(Saved data entries)
________

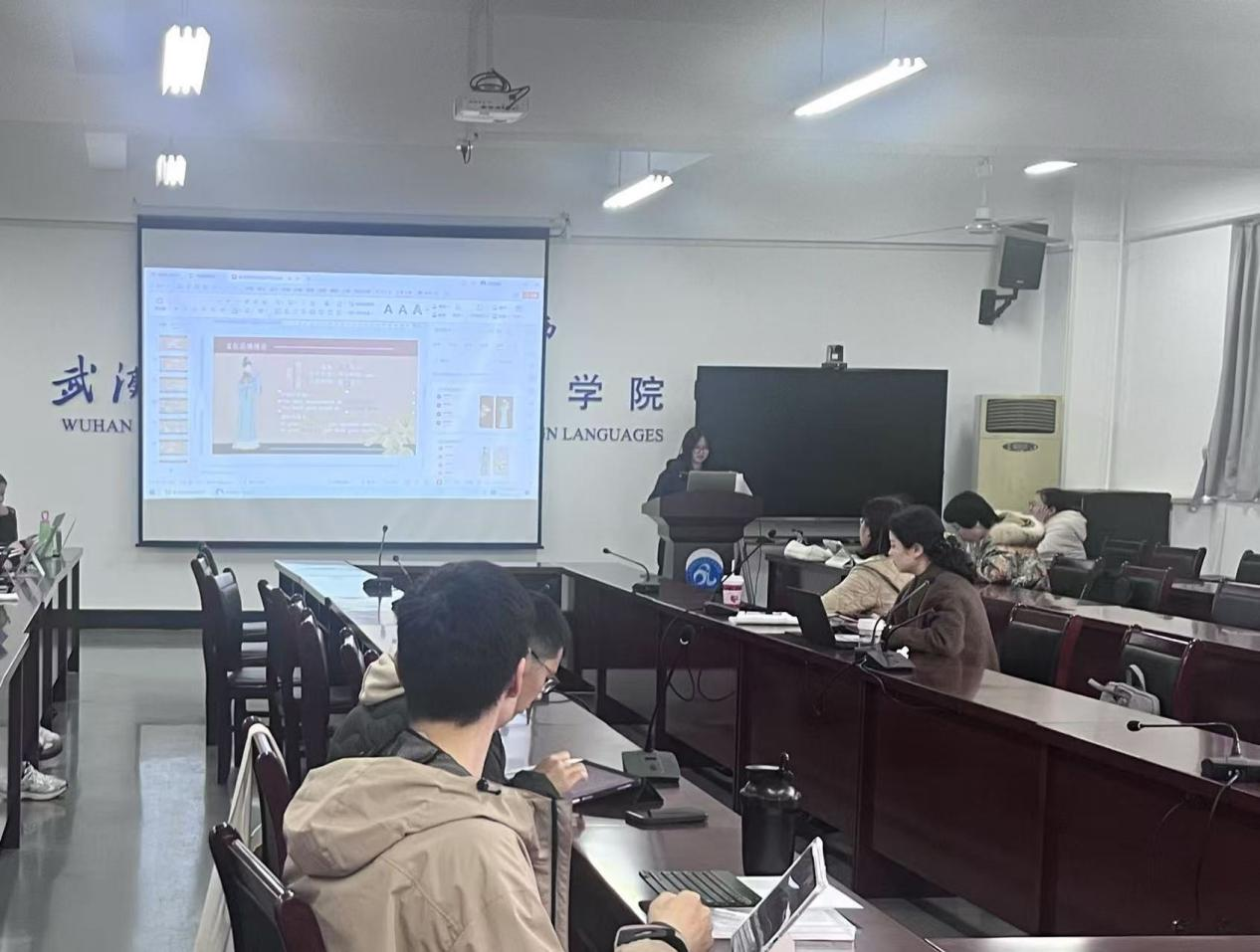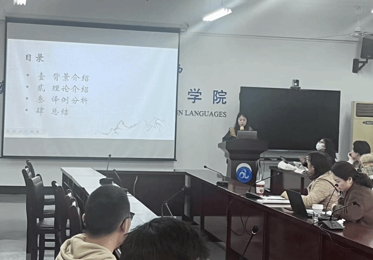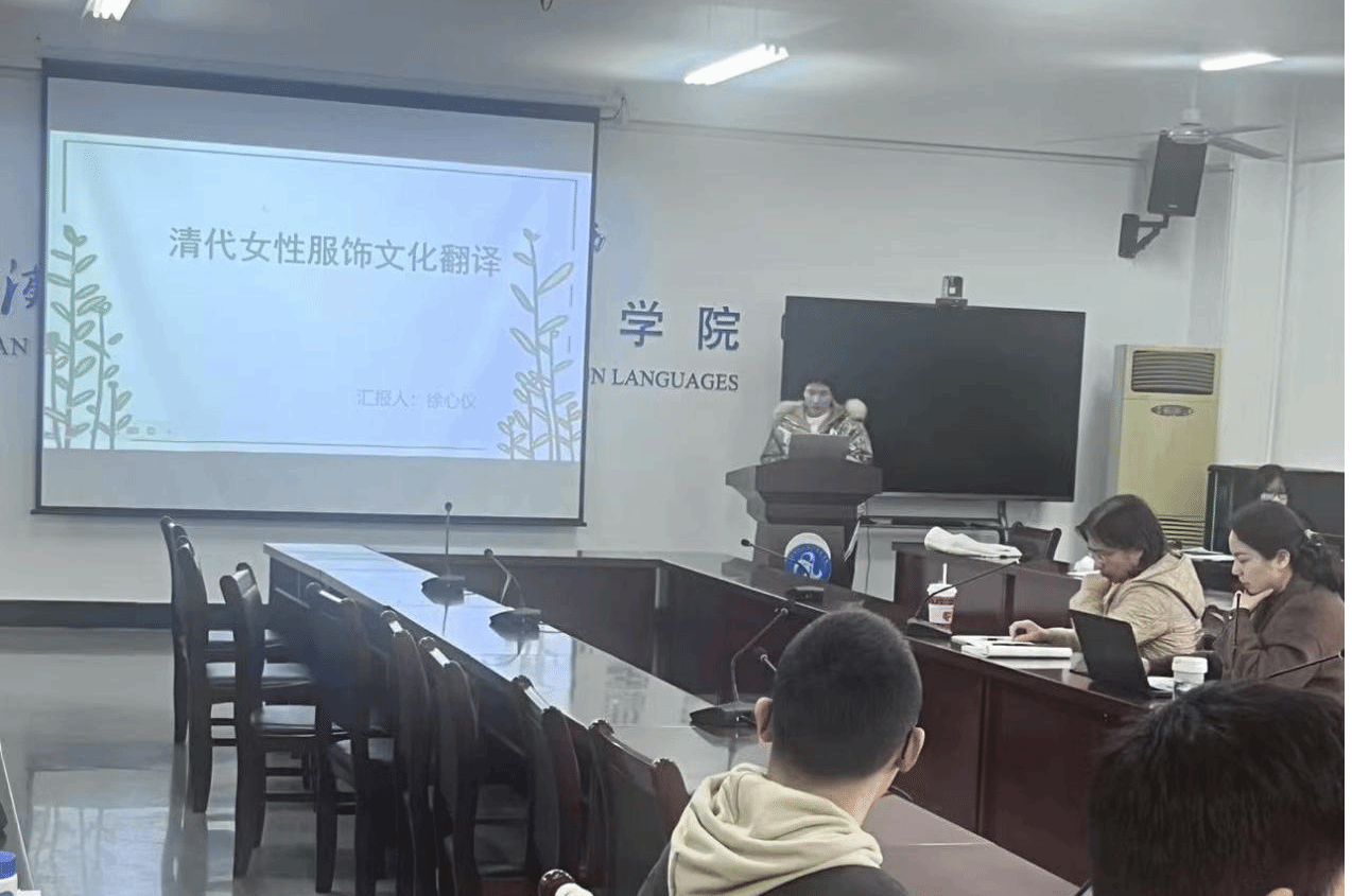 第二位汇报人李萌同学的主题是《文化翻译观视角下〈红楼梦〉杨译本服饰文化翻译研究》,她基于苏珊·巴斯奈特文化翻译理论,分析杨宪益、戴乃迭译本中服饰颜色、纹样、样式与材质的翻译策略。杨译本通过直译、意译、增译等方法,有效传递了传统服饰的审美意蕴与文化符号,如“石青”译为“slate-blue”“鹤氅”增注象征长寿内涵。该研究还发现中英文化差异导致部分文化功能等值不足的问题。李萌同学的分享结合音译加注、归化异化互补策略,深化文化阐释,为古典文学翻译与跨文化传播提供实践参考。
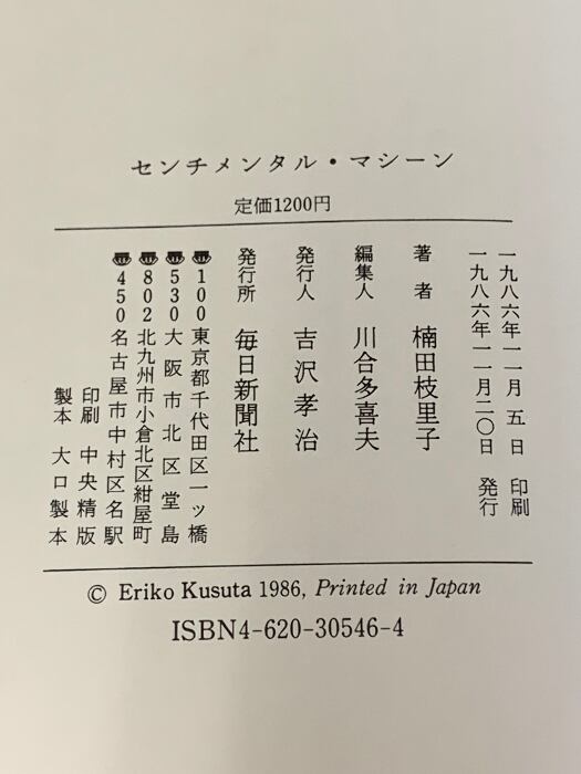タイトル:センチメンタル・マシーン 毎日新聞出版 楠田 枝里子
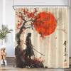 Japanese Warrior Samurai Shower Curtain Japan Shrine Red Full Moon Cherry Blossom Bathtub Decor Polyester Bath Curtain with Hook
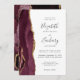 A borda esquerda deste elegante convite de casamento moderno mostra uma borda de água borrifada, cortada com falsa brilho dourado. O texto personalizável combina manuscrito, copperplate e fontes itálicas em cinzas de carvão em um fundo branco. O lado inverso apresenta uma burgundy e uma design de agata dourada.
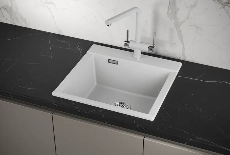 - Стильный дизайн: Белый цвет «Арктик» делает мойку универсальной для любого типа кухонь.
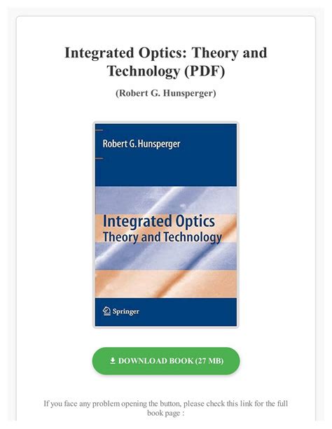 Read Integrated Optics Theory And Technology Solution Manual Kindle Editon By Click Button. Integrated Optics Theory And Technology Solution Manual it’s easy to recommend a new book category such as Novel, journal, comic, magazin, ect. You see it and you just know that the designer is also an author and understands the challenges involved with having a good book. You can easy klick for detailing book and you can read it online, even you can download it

________

What to do: With the pictures removed, please retype each record exactly.

Answer to this problem:
 第二位汇报人李萌同学的主题是《文化翻译观视角下〈红楼梦〉杨译本服饰文化翻译研究》,她基于苏珊·巴斯奈特文化翻译理论,分析杨宪益、戴乃迭译本中服饰颜色、纹样、样式与材质的翻译策略。杨译本通过直译、意译、增译等方法,有效传递了传统服饰的审美意蕴与文化符号,如“石青”译为“slate-blue”“鹤氅”增注象征长寿内涵。该研究还发现中英文化差异导致部分文化功能等值不足的问题。李萌同学的分享结合音译加注、归化异化互补策略,深化文化阐释,为古典文学翻译与跨文化传播提供实践参考。
タイトル:センチメンタル・マシーン 毎日新聞出版 楠田 枝里子
 Japanese Warrior Samurai Shower Curtain Japan Shrine Red Full Moon Cherry Blossom Bathtub Decor Polyester Bath Curtain with Hook
 A borda esquerda deste elegante convite de casamento moderno mostra uma borda de água borrifada, cortada com falsa brilho dourado. O texto personalizável combina manuscrito, copperplate e fontes itálicas em cinzas de carvão em um fundo branco. O lado inverso apresenta uma burgundy e uma design de agata dourada.
 - Стильный дизайн: Белый цвет «Арктик» делает мойку универсальной для любого типа кухонь.
 Read Integrated Optics Theory And Technology Solution Manual Kindle Editon By Click Button. Integrated Optics Theory And Technology Solution Manual it’s easy to recommend a new book category such as Novel, journal, comic, magazin, ect. You see it and you just know that the designer is also an author and understands the challenges involved with having a good book. You can easy klick for detailing book and you can read it online, even you can download it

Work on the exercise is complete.